Step 3.7 Flash – Open-source multimodal model for speed and agents
13 hours ago
- #Enterprise AI
- #AI Agents
- #Multimodal AI
- Step 3.7 Flash is a high-efficiency AI agent model focused on agent efficiency, featuring native multimodal understanding and acting across images, documents, and natural scenes.
- It enhances web and visual search with deeper retrieval capabilities and improved recognition of long-tail entities and emerging concepts.
- The model offers reliable tool use and orchestration, integrating with mainstream agent harnesses like Claude Code and KiloCode for lower integration costs.
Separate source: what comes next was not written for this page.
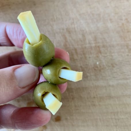 Inserisci i bastoncini di scamorza all'interno delle olive VEDI FOTO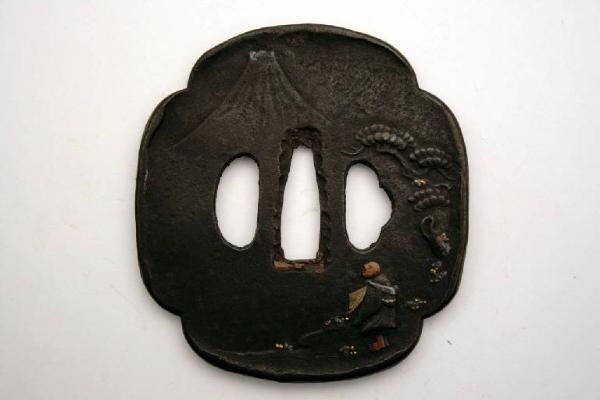 Elsa di spada giapponese di forma quadrilobata (mokko), con bordo rialzato rispetto alla superficie, con i tre fori canonici, quello centrale (nakagoana) per il codolo, il foro di sinistra (kozuka hitsuana) per il coltellino, e quello di destra (kogai hitsuana) per lo spillone. E' rappresentato un uomo con il cappello in mano, che ammira il monte Fuji sotto un albero di pino.

- In agentic coding, Step 3.7 Flash shows gains over Step 3.5 Flash, with improvements on benchmarks like SWE-Bench Pro and Terminal-Bench 2.1, and supports Advisor Mode for cost-effective performance.
- Optimized for enterprise tasks, it excels in autonomous execution and domain-specific knowledge, validated on benchmarks such as Toolathlon and ClawEval-1.1.
- Step 3.7 Flash demonstrates strong visual capabilities, including visual search and reasoning with Python tools, achieving performance comparable to larger models on tasks like V* and HR-Bench.
- It operates graphical user interfaces (GUI) for tasks like app interactions, showing improvements in stability and long-horizon completion on the Android Daily benchmark.
- Benchmark results highlight its competitiveness in reasoning, coding, and agentic capabilities against models like DeepSeek V4, Gemini, and Claude Opus.
- The model is available through StepFun Open Platform and partners, with deployment options for cloud, data center, and local environments on high-memory devices.